*TASK REQUIREMENTS*
Your answer must be a word-for-word copy of the listing, with all pictures excluded.

*COLLECTED DATA*
════

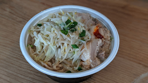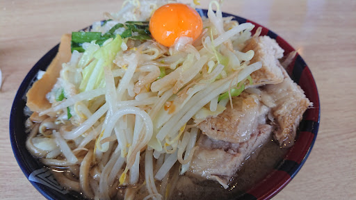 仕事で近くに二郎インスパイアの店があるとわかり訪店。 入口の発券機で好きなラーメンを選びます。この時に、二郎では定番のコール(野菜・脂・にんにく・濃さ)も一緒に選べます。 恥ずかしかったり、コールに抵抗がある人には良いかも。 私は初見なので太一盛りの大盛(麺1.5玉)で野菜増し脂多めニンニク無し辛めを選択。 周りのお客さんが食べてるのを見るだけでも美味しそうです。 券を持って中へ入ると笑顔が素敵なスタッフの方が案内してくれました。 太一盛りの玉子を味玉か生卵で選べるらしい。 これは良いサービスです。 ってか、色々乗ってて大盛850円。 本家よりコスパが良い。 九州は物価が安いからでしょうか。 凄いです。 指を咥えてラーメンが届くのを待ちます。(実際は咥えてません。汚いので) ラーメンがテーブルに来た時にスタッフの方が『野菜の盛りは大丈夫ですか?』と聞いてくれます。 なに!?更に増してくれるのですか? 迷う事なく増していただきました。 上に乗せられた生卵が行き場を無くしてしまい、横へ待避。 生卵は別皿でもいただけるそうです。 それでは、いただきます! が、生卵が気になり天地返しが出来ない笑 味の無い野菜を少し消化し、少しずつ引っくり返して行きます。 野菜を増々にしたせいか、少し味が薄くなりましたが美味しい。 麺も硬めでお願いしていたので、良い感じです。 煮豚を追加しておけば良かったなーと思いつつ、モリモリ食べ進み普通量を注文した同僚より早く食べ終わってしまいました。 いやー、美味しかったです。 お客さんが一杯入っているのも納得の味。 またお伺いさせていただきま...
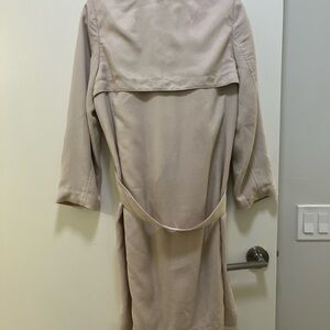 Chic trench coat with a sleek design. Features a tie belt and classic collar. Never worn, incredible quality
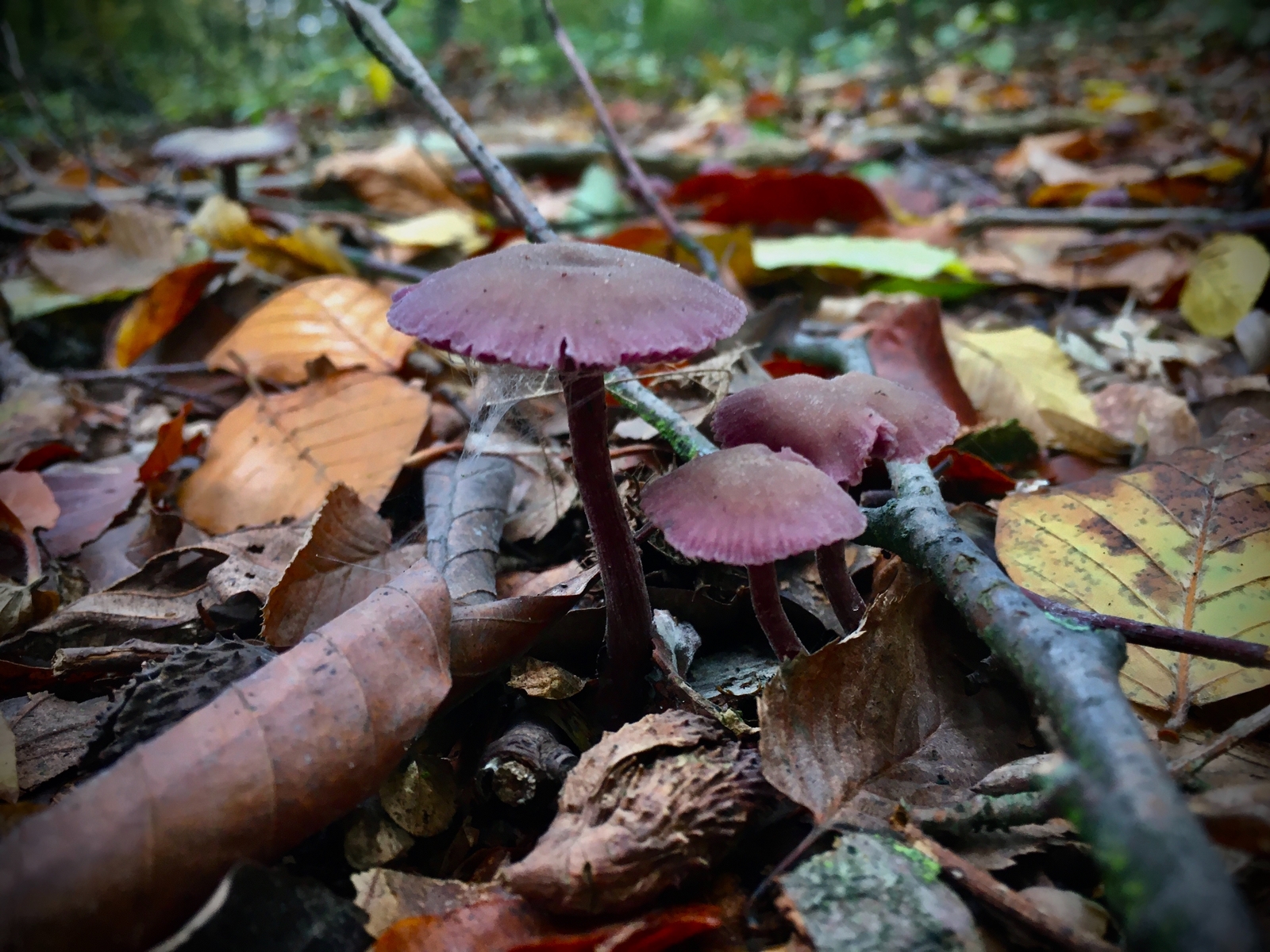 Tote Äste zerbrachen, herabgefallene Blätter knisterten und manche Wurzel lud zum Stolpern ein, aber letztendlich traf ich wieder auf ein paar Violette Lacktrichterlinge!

════

*ANSWER TO THIS TASK*
 仕事で近くに二郎インスパイアの店があるとわかり訪店。 入口の発券機で好きなラーメンを選びます。この時に、二郎では定番のコール(野菜・脂・にんにく・濃さ)も一緒に選べます。 恥ずかしかったり、コールに抵抗がある人には良いかも。 私は初見なので太一盛りの大盛(麺1.5玉)で野菜増し脂多めニンニク無し辛めを選択。 周りのお客さんが食べてるのを見るだけでも美味しそうです。 券を持って中へ入ると笑顔が素敵なスタッフの方が案内してくれました。 太一盛りの玉子を味玉か生卵で選べるらしい。 これは良いサービスです。 ってか、色々乗ってて大盛850円。 本家よりコスパが良い。 九州は物価が安いからでしょうか。 凄いです。 指を咥えてラーメンが届くのを待ちます。(実際は咥えてません。汚いので) ラーメンがテーブルに来た時にスタッフの方が『野菜の盛りは大丈夫ですか?』と聞いてくれます。 なに!?更に増してくれるのですか? 迷う事なく増していただきました。 上に乗せられた生卵が行き場を無くしてしまい、横へ待避。 生卵は別皿でもいただけるそうです。 それでは、いただきます! が、生卵が気になり天地返しが出来ない笑 味の無い野菜を少し消化し、少しずつ引っくり返して行きます。 野菜を増々にしたせいか、少し味が薄くなりましたが美味しい。 麺も硬めでお願いしていたので、良い感じです。 煮豚を追加しておけば良かったなーと思いつつ、モリモリ食べ進み普通量を注文した同僚より早く食べ終わってしまいました。 いやー、美味しかったです。 お客さんが一杯入っているのも納得の味。 またお伺いさせていただきま...
 Chic trench coat with a sleek design. Features a tie belt and classic collar. Never worn, incredible quality
 Tote Äste zerbrachen, herabgefallene Blätter knisterten und manche Wurzel lud zum Stolpern ein, aber letztendlich traf ich wieder auf ein paar Violette Lacktrichterlinge!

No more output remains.